The recent Black Lives Matter protests also illuminated the racist origins of tipping culture, which was popularized in the United States after the Civil War. Newly-freed Black slaves often worked service jobs and were paid a meagre sum by their employers, which forced them to supplement their income with tips from largely white clientele. Race also affects the amount of tips a server receives. A 2014 study from Cornell University found that Black servers earned fewer tips from their white counterparts. “We were developing an anti-racism policy for our staff, and we thought, how do you have anti-racism policy for an industry that has a tipping culture that is built on discrimination?” says Mr. Locke.

Marben isn’t the only restaurant to introduce a hospitality-inclusive model. Prominent Toronto restaurants Richmond Station, Ten and Burdock have also eliminated tipping and raised menu prices in order to create a better social safety net for their staff.

But Michelle Caine, chair of hospitality management at Centennial College, is worried how guests will react. “The concern is, will it be so confusing that I’ll just stop going to that restaurant because I don’t get it?” Ms. Caine says. “Are staff going to be confused? Will they lose staff that go to other restaurants? It’s hard to change a systemic culture if only a handful of restaurants change.”
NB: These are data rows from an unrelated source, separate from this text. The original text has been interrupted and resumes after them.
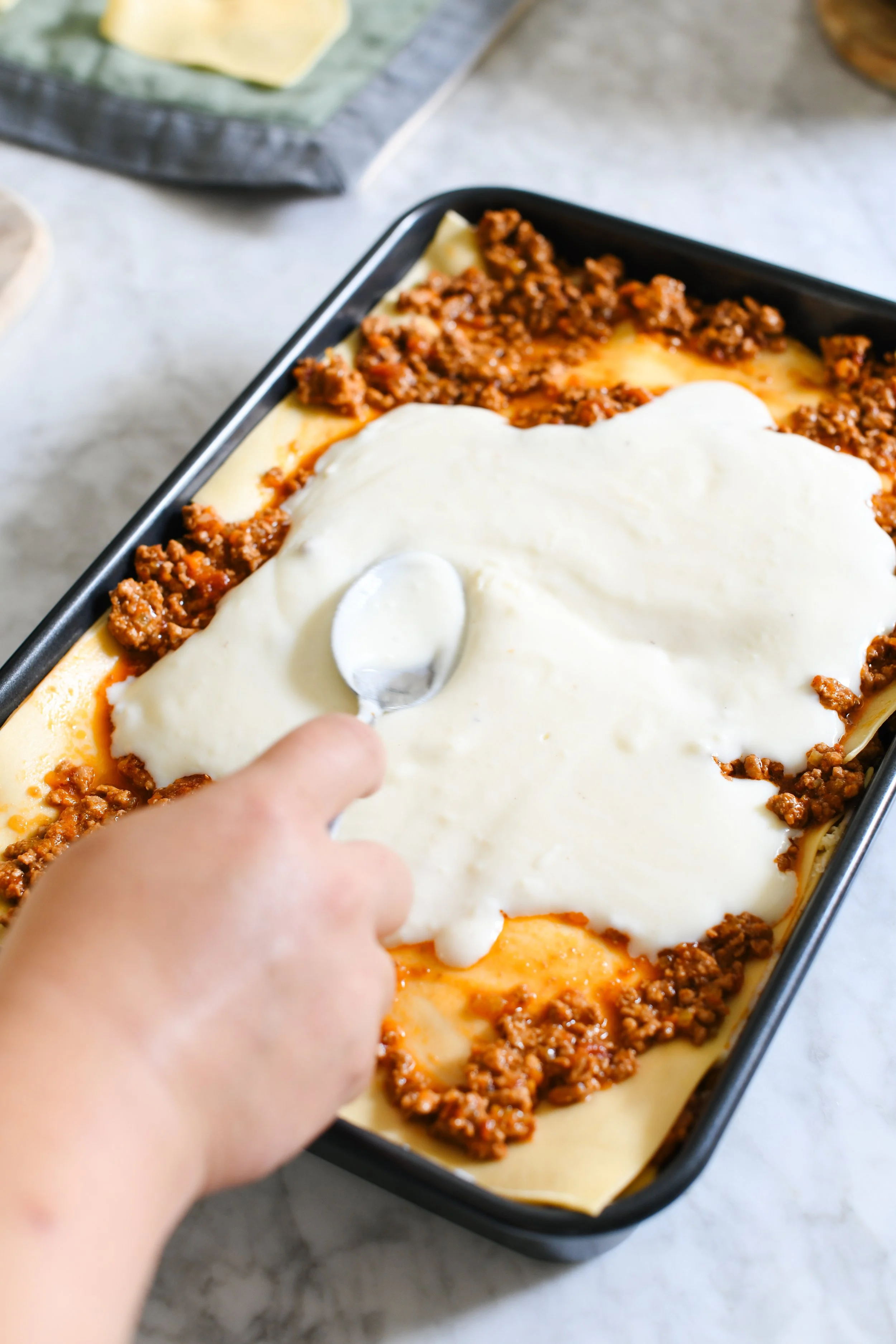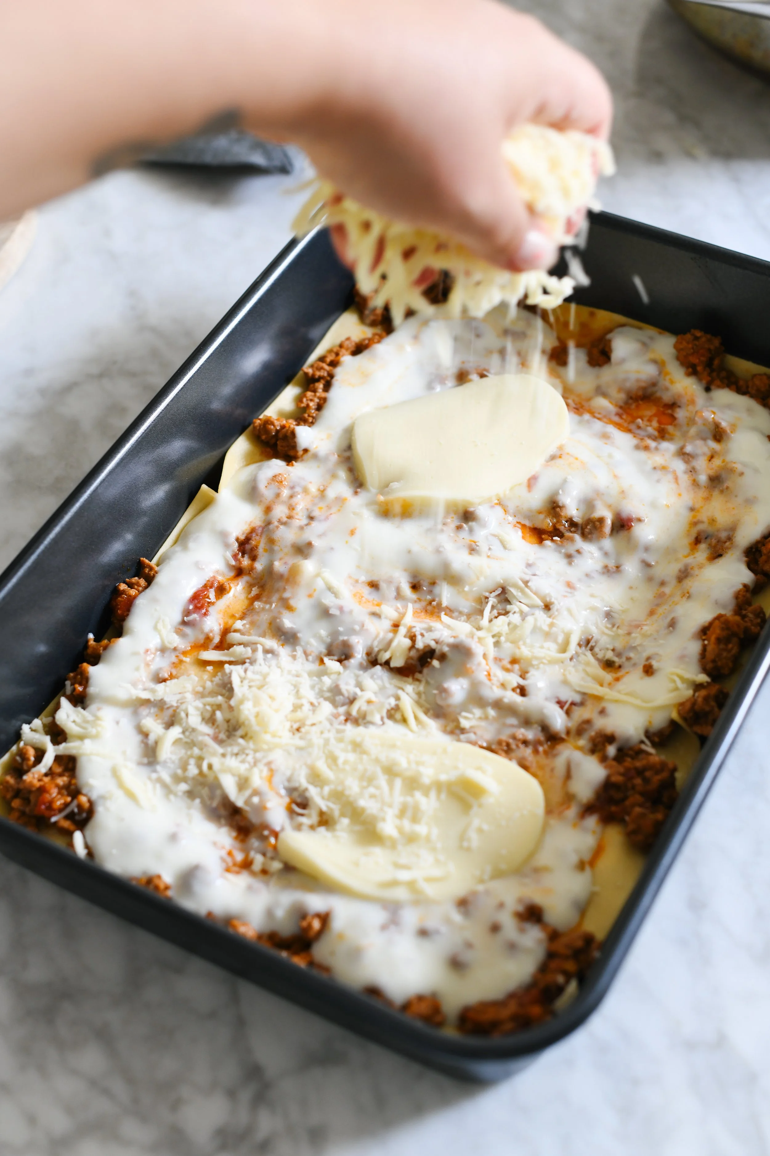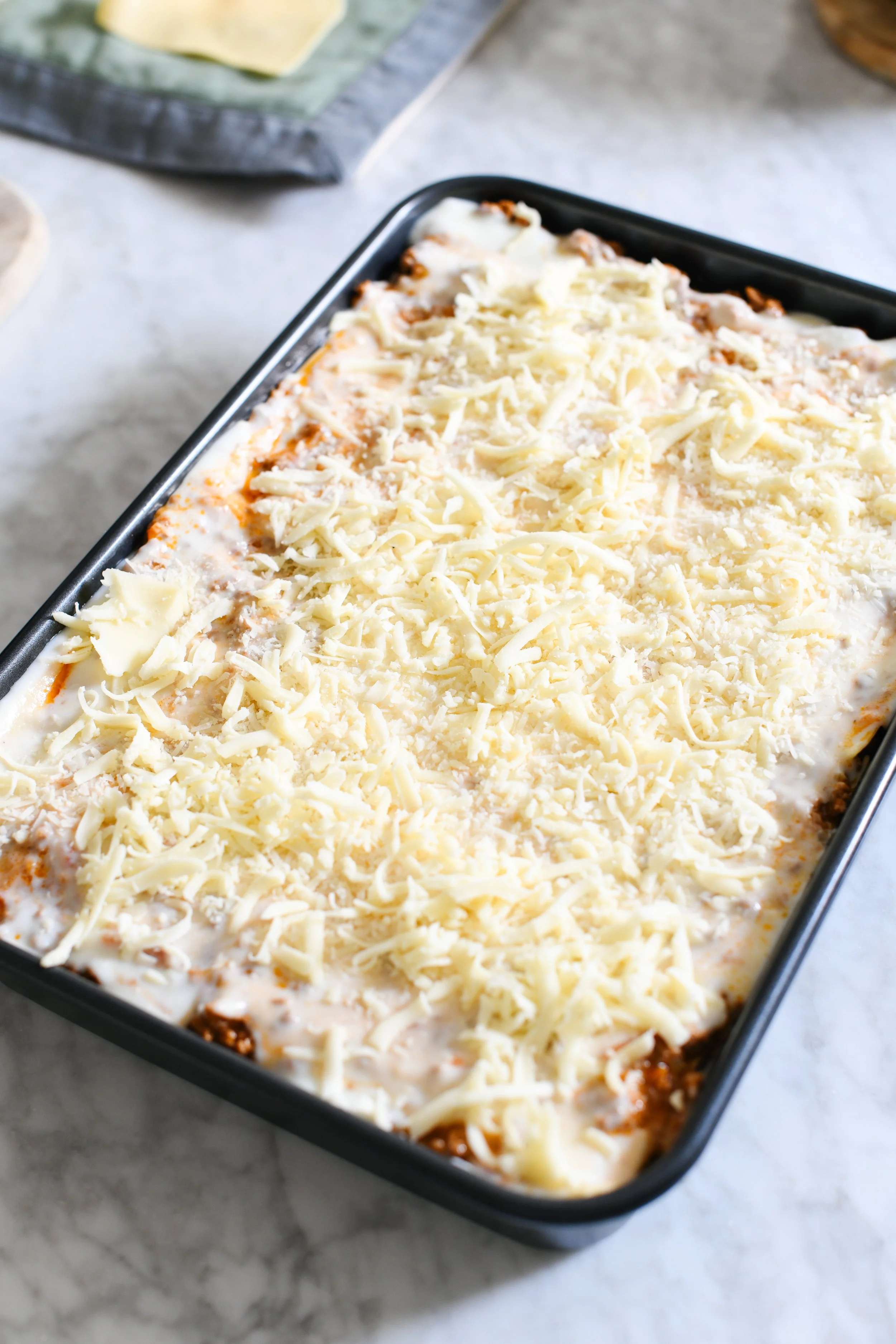 - Use what’s left of your ragu followed by a generous amount of besciamella (reserve some for this final layer!) – you want the pasta sheet fully covered. Cover with a whole heap of the cheeses.
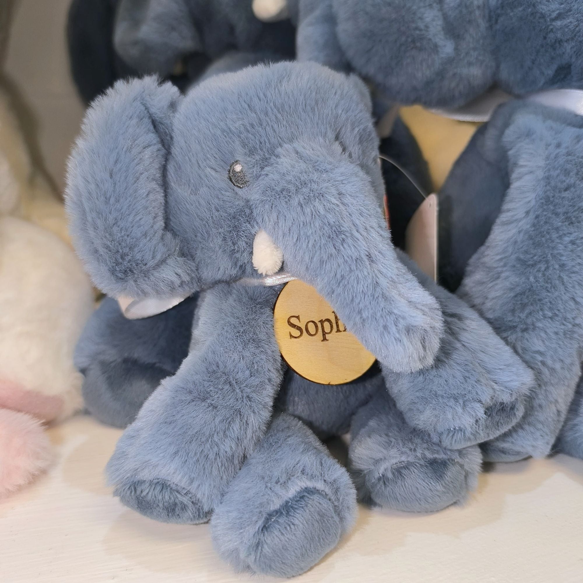 We can make your personalised Elephant even more unique by adding a charming wooden disc around its neck which can be laser engraved with a personal message, name, or a memorable date, making it a truly unique gift for any newborn baby, toddler, son or daughter.
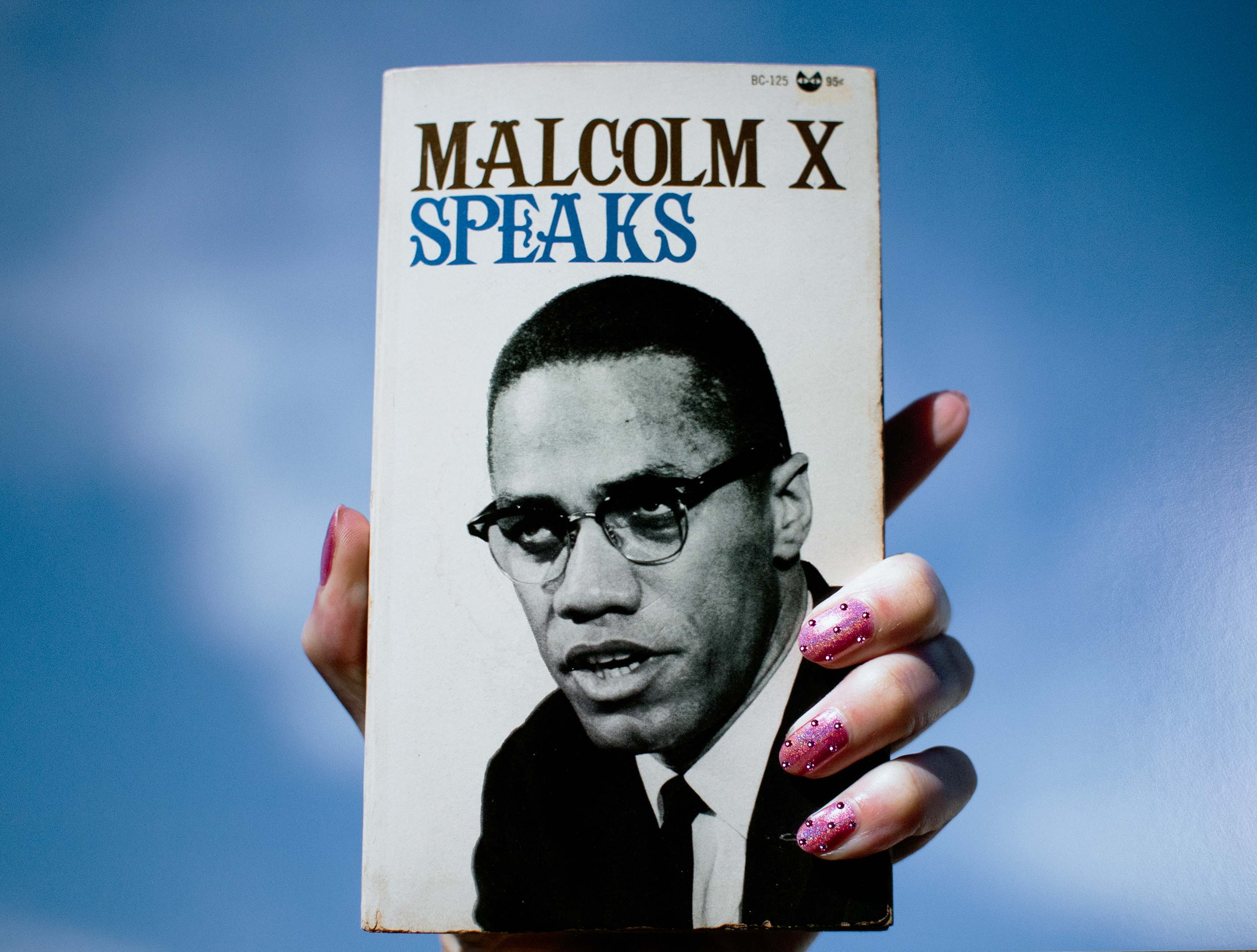 Sadie Barnette, ​Untitled (Malcolm × Speaks)​, 2018. Archival pigment print and Swarovski crystals. Courtesy of the artist and Charlie James Gallery, Los Angeles.

Should widespread tip-inclusive pricing be adopted, Ms. Caine sees the benefits of creating equity between back-of-house staff and front-of-house servers and bartenders, who receive the majority of tips. At the same time, the types of people that are drawn to work as a server or bartender could change given a more equitable compensation strategy. “I believe it’s the cash portion of the job that makes it really attractive for people with careers outside of our industry, like actors and artists, who want to pick up shifts here and there,” Ms. Caine says.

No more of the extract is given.